Geleneksel para birimlerini konuştuğumuzda üç aşağı beş yukarı piyasaya yayılmasının yolları bellidir. Merkez bankası tarafından belirli bir rezerv, genellikle de altın rezervi baz alınarak basılan bu paralar devletler eliyle, mesela memurlara maaş olarak yahut bankalar eliyle kredi kullanımı gibi yollarla piyasaya sürülürler.
Peki konu kripto paralar olduğunda bunu yaygınlaştırmak nasıl mümkün oluyor? Aslında birden fazla yöntemden söz etmek mümkün. Bitcoin ve benzerleri bu kripto paraları belirli seviyedeki bir matematik probleminin madenciler olarak bilinen (miner) kişiler tarafından çözülmesi sonucunda ödül olarak dağıtılıyorlar. Böylece bu kripto paralar piyasaya yayılmış oluyor.
Örneğin an itibariyle Bitcoin’de bir bloğu işleyen madencilere dağıtılan rakam 12.5 coin, bu yakın bir zamanda 6.25 coin’e düşecek. Bir Bitcoin’in değerinin an itibariyle 7 bin 440 dolar yani 44 bin 265 TL olduğu düşünülürse madenciler epey kazanıyor, diyebiliriz. Fakat çözülmesi gereken problemin güçlüğü her gün artıyor, dolayısıyla madenciler bu işe daha fazla kaynak yatırıp daha güçlü donanımlara sahip olmak zorundalar. Üstelik madenciler artık tekil makineler değil, yüzlerce makineyle bu problemleri dağıtık bir şekilde çözüyorlar. Bu işlemler sonucunda sarf edilen muazzam elektrik de cabası.
Bu mekanizmaya PoW yani Proof of Work deniyor. Yakın bir tarihte Ethereum (başka bir blockchain platformu) PoW yerine Proof of Stake olarak bilinen fikirbirliği algoritması ile dağıtımı gerçekleştirecek.
Yine AirDrop olarak bilinen başka bir yöntem ile platformlar üyelerine geliştirdikleri kripto parayı yaygınlaştırmak adına bol keseden dağıtabilirler. Örneğin birkaç ay önce Keybase firması her biri 20 dolar değerindeki Stellar Lumens (XLM) coinleri binlerce üyesine dağıttı.

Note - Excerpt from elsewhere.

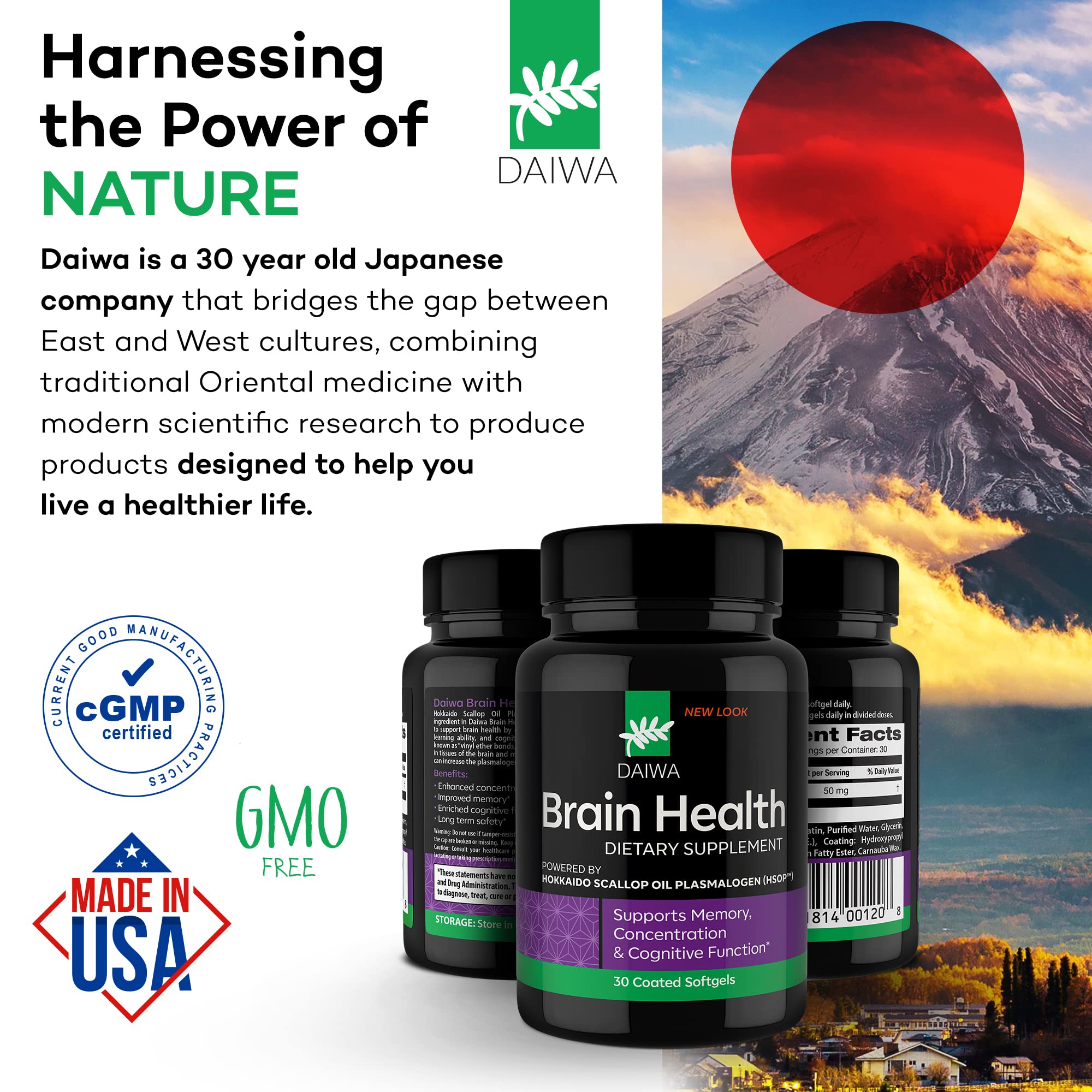 - Le supplément mémoire de Daiwa pour le cerveau contient des peptides de natto, des enzymes DBH et de l'huile de pétoncle de Hokkaido Plasmalogen (HSOP), un antioxydant innovant qui a prouvé son efficacité pour améliorer la mémoire et les fonctions cognitives.
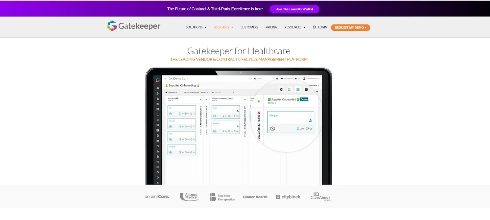 Billed annually, Gatekeeper starts at $1,245/month for 150 suppliers and contracts, $2,995/month for 500, and $5,295/month for 1,000, with all plans offering unlimited users, unlimited eSign, and professional onboarding. An Enterprise custom tier is available for large healthcare organizations needing tailored terms and integrations.

Kripto paraların bir yatırım aracından gerçek bir takas değerine dönüşmesi gerçek hayatta insanların karşılaştıkları problemleri çözebilme yetenekleriyle doğru orantılı. Örneğin birkaç hafta önce bu köşede BAT (Basic Attention Token) olarak bilinen bir token’ı tanıtmış, Brave isimli internet tarayıcısının reklam gelirlerinin yüzde 55’ini bu tokenlar üzerinden kullanıcıları ile paylaştığını; aynı zamanda içerik üreticileri için de yeni bir destek modeli yaratarak web’e eski itibarını yeniden kazandırmayı hedeflediklerini yazmıştım.
Bu köşede değerli fikirleri insanlarla paylaşmaya çalışıyorum. Brave hakkındaki yazımın yayımlanması üzerinden çok geçmeden, kripto paralara gerçek bir değiş tokuş aracı hüviyeti kazandıracak başka bir proje ile tanışma fırsatı buldum. Sıkı durun, üstelik ülkemiz gençlerinin geliştirdiği, dünya kripto para borsalarında da teveccühe mazhar olmuş bir proje.
TrueFeedBack firması 28 Eylül tarihinde büyük serüvenine başladı. Fikir babası ise Mihraç Cerrahoğlu. Firma CEO’su Ahmet Emre Yılmaz yönetiminde faaliyetlerine devam eden projenin ardında 50 kişilik bir teknik ekip var.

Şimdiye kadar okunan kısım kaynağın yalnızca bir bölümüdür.